Mr Robinson said: “While the final Haass document contains many propositions that the DUP can support and endorse, there remain others that would neither be an improvement nor workable and would not help in resolving the problems they were crafted to solve.
“We are satisfied that the broad architecture is capable of housing long-term workable arrangements, yet the detailed components as drafted which would determine how those structures would operate need much more work before they could function in the best interests of the community.”
He said the party would continue to try to resolve outstanding issues.
“Unquestionably the work Dr Haass and his team have undertaken has narrowed the gap in a number of areas and our understanding of each party’s position will aid future negotiations,” he added.
Dr Haass was enlisted by Northern Ireland’s ministerial Executive in July to broker a settlement on contentious issues which have sparked sectarian divisions and despite significant progress on dealing with the past the talks ended without any deal.

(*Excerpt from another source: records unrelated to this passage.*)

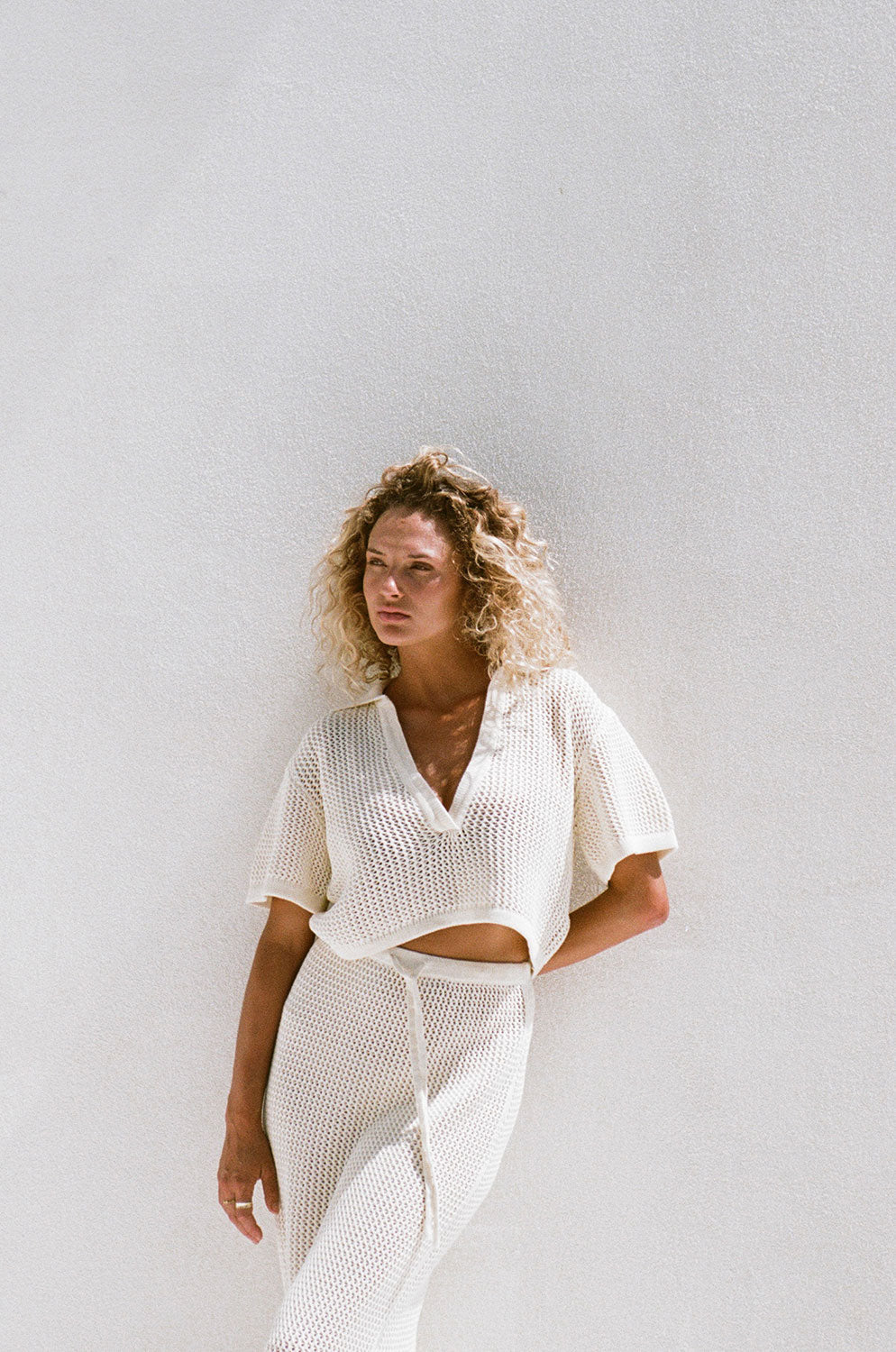 Wear it as a set or style it back for your vacation wardrobe! The Ivy Top is made from a sheer cotton mesh with contrast ribbed collar and trims. Get the set with the Ivy Skirt! Designed exclusively by Sabo.
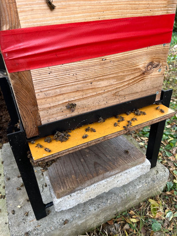 また、内部の写真などが無いので良く分りませんが、盗蜂による逃居となった蜂球を疑います。
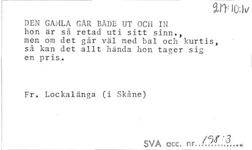 //// DEN GAMLA GÅR BÅDE UT OCil IN hon är så retad uti sitt sinn., men om det går väl med bal och kurtis, så kan det allt hända hon tager sig en pris. //// Fr. Lockalänga (i Skåne) //// SVA cscc. nr...Ö.f. ////
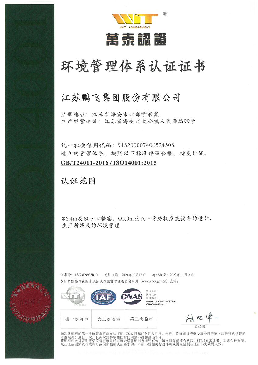 環(huán)境管理體系認證證書
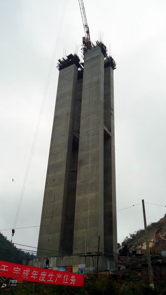 4号桥墩开工以来,项目部全体员工克服地形限制引起的交通运输不便、作业场地狭窄、雷暴天气频繁、地方关系复杂等不利因素,攻克了机制砂泵送和高墩施工的垂直度控制等技术难题,连续奋战170多天,确保了4号主墩在保证质量和安全的前提下顺利封顶。
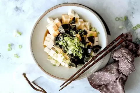 Тофу в сочетании со столетними яйцами — это оригинальная закуска, которая завоевала популярность среди любителей экзотических блюд. Для её приготовления понадобятся всего пять ингредиентов и несколько минут.
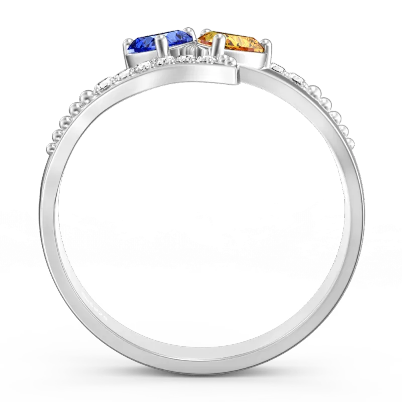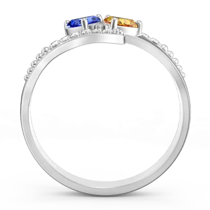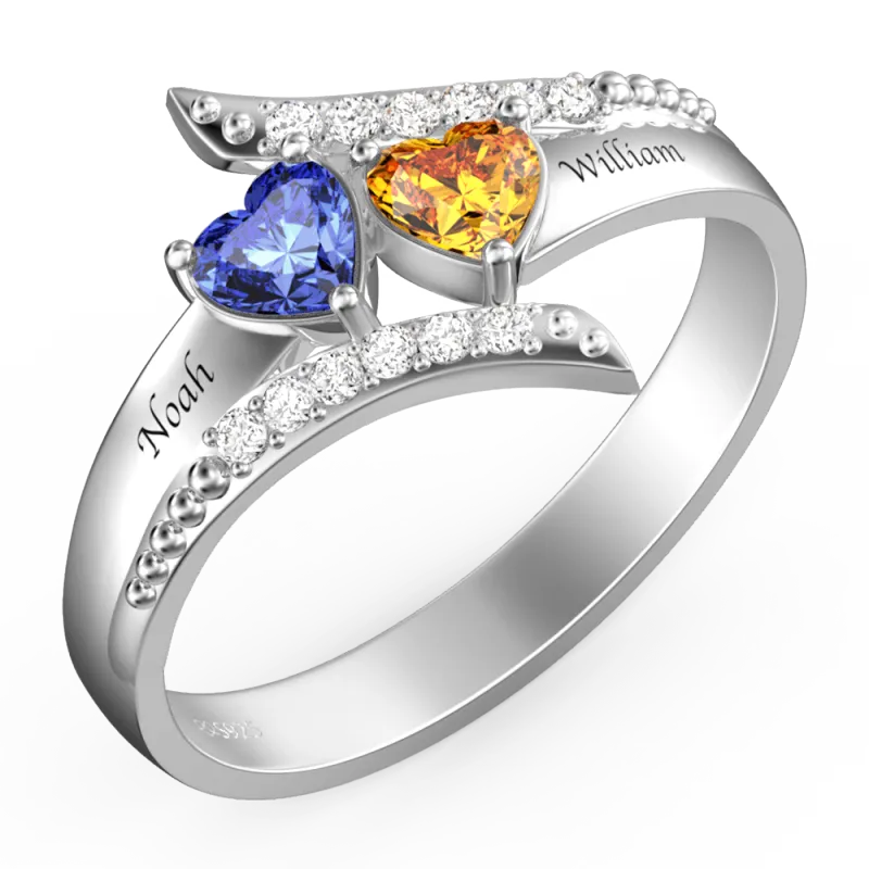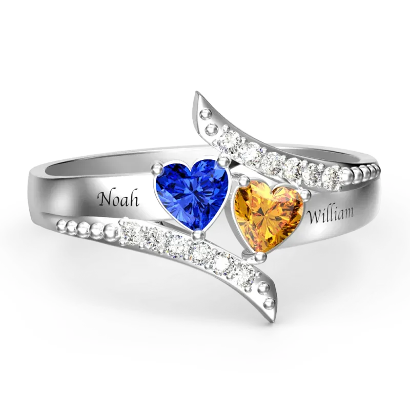 Custom Engraved Names Double Heart Birthstone Promise Silver Ring Wedding Gift Anniversary Gift Birthday Gift Valentines Gift

The negotiations followed months of sporadic loyalist violence over contentious parades, restrictions on the flying of the Union flag from Belfast City Hall and an increase in the number of bomb attacks by dissident republicans opposed to the peace process.
Sinn Fein said they were prepared to sign up to the Haass proposals, but Mr Robinson’s Democratic Unionists said they were not in a position to go ahead but he denied the process was a failure.
The East Belfast Stormont MLA has won unanimous backing from party officers to support an ongoing process and set up an all-party working group to resolve outstanding areas of disagreement and implement agreements when identified.
He thanked Dr Haass, a former Bush Administration envoy to Northern Ireland, and vice-chairwoman Dr Meghan O'Sullivan, who helped rebuild Iraq after the US invasion, for the time and effort they had devoted.
“We don’t regard that as wasted time, in fact we have made valuable progress,” he said.
He added: “There is a requirement for the panel itself to set out where there are disagreements and to see can we narrow it and close it. We are up for that job, we want to continue to make progress, we are not satisfied with the status quo.
“The work goes on. If this had not been a difficult task we would not have asked Richard and Meghan to assist us.”
He said the DUP would not go “belly up” just because somebody puts a paper on their desks; his party had difficulties with how the Haass proposals would operate, not the broad architecture.
Mr Robinson warned responsibility lay on the five parties to determine what the next steps are; things were not “fine and dandy” and the parties needed to resolve issues which divided them.
Tensions over contentious parades regularly erupt into street violence while disputes over the flying of flags — on public buildings and in loyalist and republican neighbourhoods — cause community conflict.
Arguably the most complex issue has been how Northern Ireland deals with the legacy of a 30-year-conflict, with opposing sides retaining competing narratives of what happened and victims demanding truth and justice after more than 3,000 unsolved murders.
The document instead envisaged the establishment of the Commission on Identity, Culture and Tradition to examine the flags problem over a longer time frame — potentially 18 months.
Dr Haass recommended the replacement of the UK Government-appointed Parades Commission with a new devolved mechanism for adjudicating on contentious events.
This would consist of an administrative arm — the Office of Parades, Select Commemorations and Related Protests — to deal with applications to march and protest and potentially facilitate mediation between groups.
It would also see the creation of the Authority for Public Events and Adjudication — an independent regulatory body, chaired by a legal figure, which would deliberate on applications for unresolvable parading disputes.
Like the Parades Commission, it would have seven independent members, but the new authority would also provide more scope for appealing against decisions.
Following Mr McGuinness’ call for the parties to work with the agreement as it stands, Mr Robinson added nobody was entitled to second-guess whether any proposal had sufficient merit for any other party.
“That is a judgment we each are elected to make given our individual mandates. Any party’s failure to agree to a proposal also reveals the failure of other parties to find a proposal capable of reaching wider agreement.
“This is self-evident and it is the reason why I am not impressed by any party hectoring about how others are to blame.”